Rush Limbaugh's show was syndicated in 1988. It's been a steady climb toward the top of the ratings for him and his imitators ever since, but pretty much downhill for the party they all support. Limbaugh, Sean Hannity, Laura Ingraham, and the others are enormously successful media performers and they may have single-handedly rescued AM radio from financial oblivion over the past two decades.
But while wildly popular with their devotees, these partisan bloviators are enormously unpopular with the electorate as a whole. Limbaugh, for example, has about a two-to-one unfavorable rating nationally, according to a Rasmussen Poll.
Today, in a media universe of thousands of choices, the key to economic success is to find your intense minority and play to it for all it's worth. But divisiveness is as profitable in radio as it is fatal to a mass political movement.
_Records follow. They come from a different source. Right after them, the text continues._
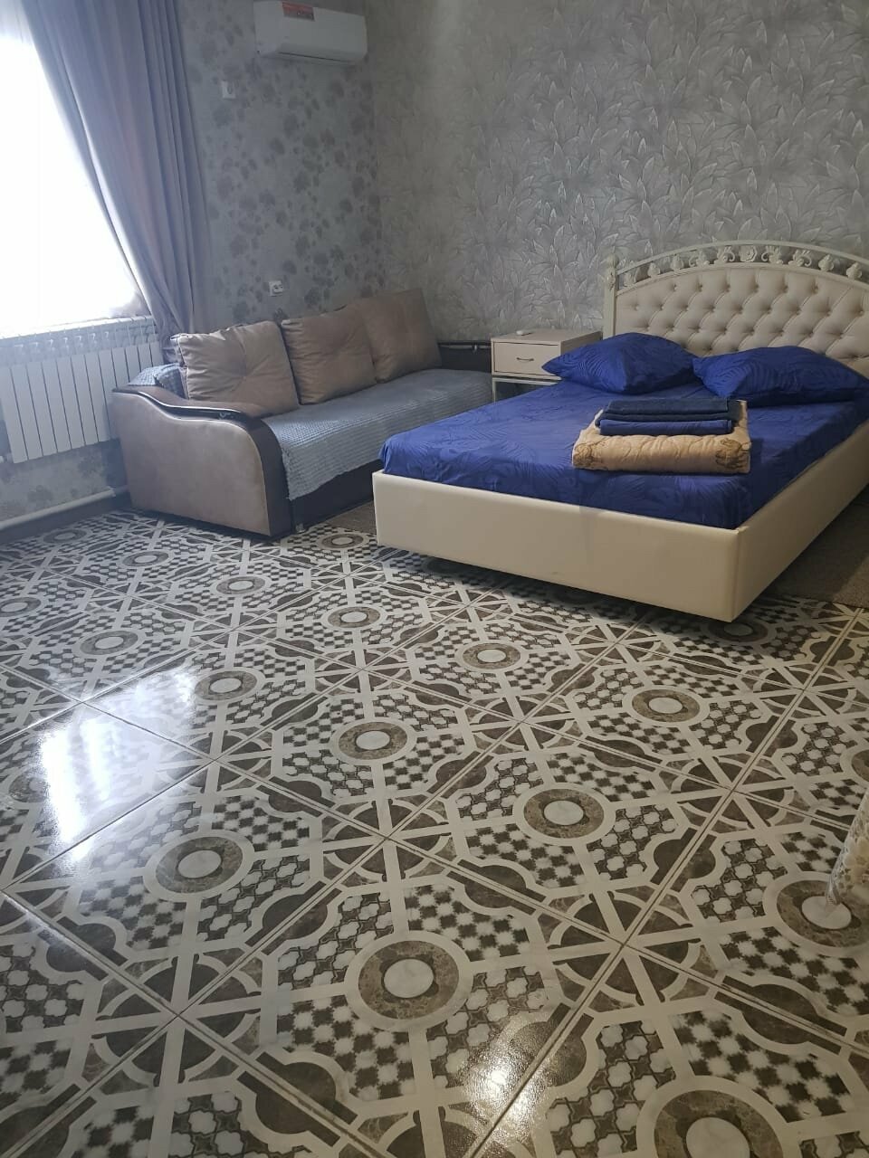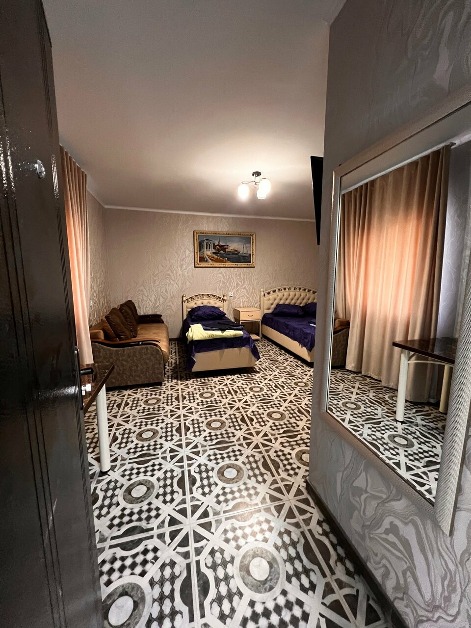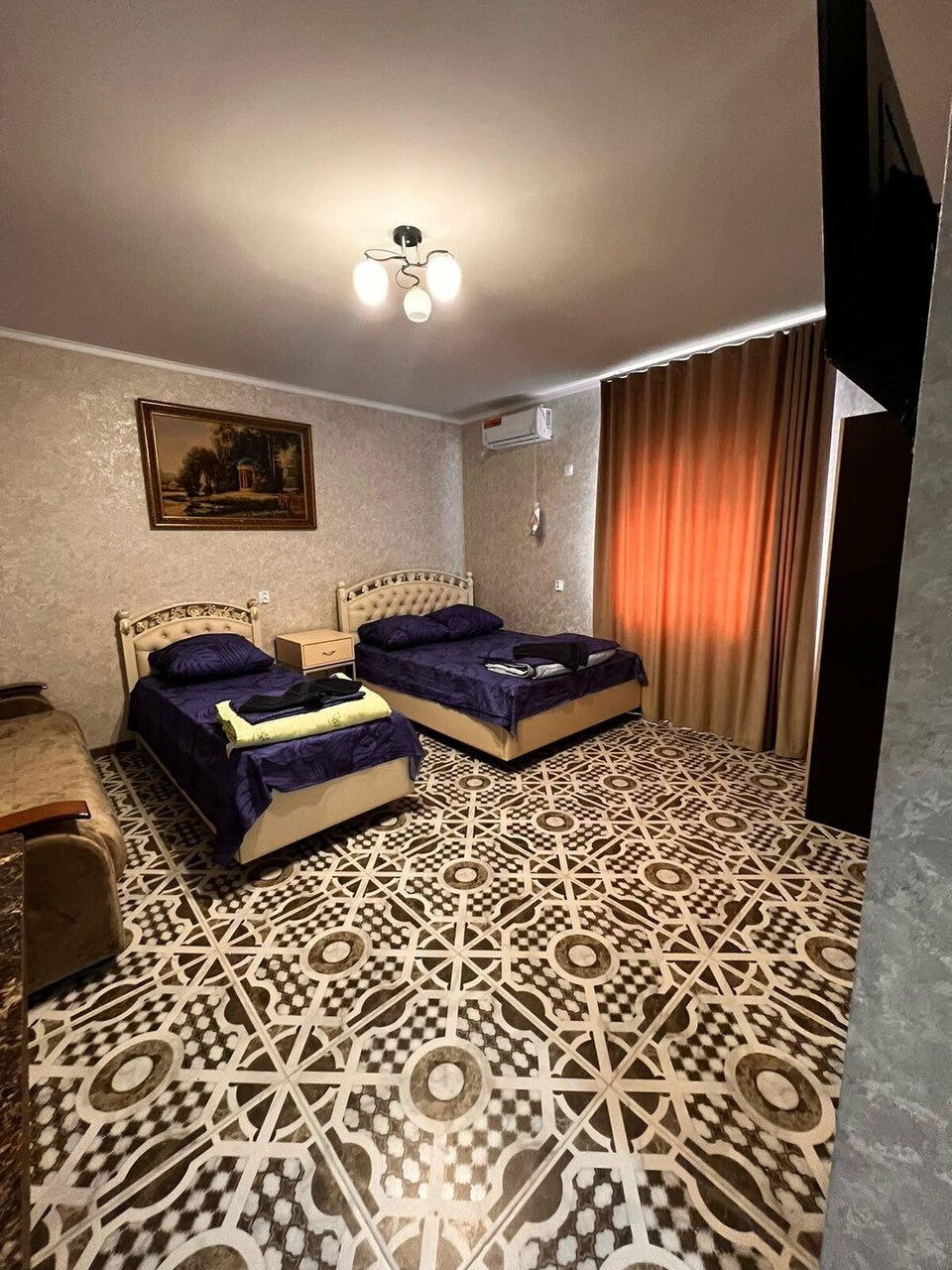 Отель только построили и ещё будут достраивать!!В номере есть всё необходимое для того,чтоб отдохнуть. Одна кровать двуспальная,новая, постельное чисто,рядом ещё одна кровать односпальная и диван,для семьи хватит. На полу плитка,душ, туалет -все чистое. Есть 4 полотенца, набор (зутная щётка и паста для каждого) 3 этажа. В общем рекомендую для остановки
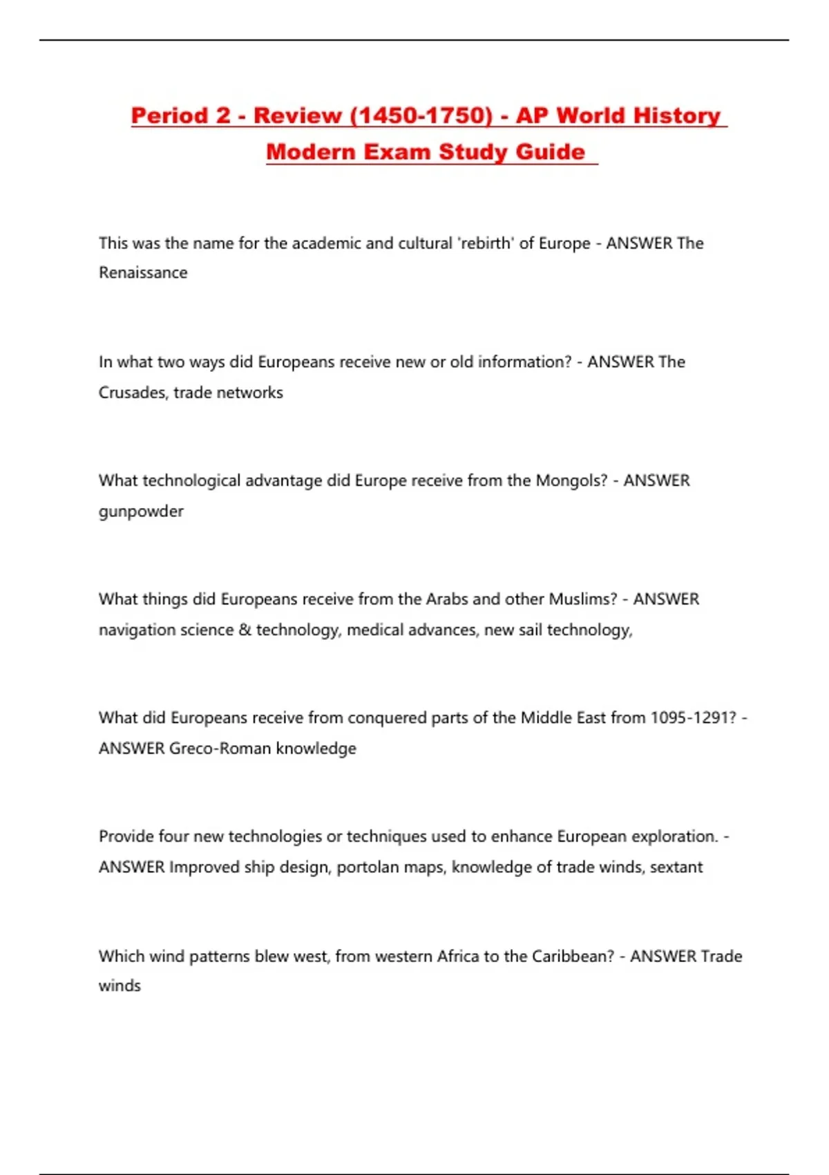Period 2 - Review (1450-1750) - AP World History
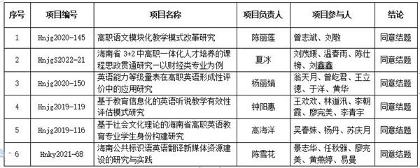 4月10日從《海南省教育廳關于公布2023年海南省高等學校教育教學改革研究和科學研究項目結(jié)題評審結(jié)果的通知》(瓊教高[2023]25號)獲悉,我校教師承擔的6項海南省高等學校教育教學改革研究項目、科學研究項目順利通過了結(jié)題驗收,可喜可賀,為學校又創(chuàng)出了一批高質(zhì)量的教科研成果,有力高效推動了我校“雙高”建設、高質(zhì)量發(fā)展。

One can see this tension being played out even now. Sarah Palin energizes the talk-radio base and is already being pushed as the inevitable next GOP leader. But Palin — like most talk-radio champions — is enormously divisive. Good for ratings; bad for politics.
The Republicans do have a Reagan/Godfrey-like figure right in their midst. Aside from Barack Obama, of course, the biggest political success story of 2008 was Mike Huckabee, who emerged from absolutely nowhere, with no money, to become a national figure. He is quite conservative but virtually alone in his party. He speaks the language of economic populism in an amiable way that reassures voters.
The key to a Republican revival will be whether they head in the direction of Huckabee and the stylistic mainstream embodied by Reagan, or in the discordant direction of Palin. The economic imperatives of talk radio will push them toward Palin. But unless the Republicans learn how to preach to the masses and not the choir, they're going to remain in the proverbial wilderness for a very long time.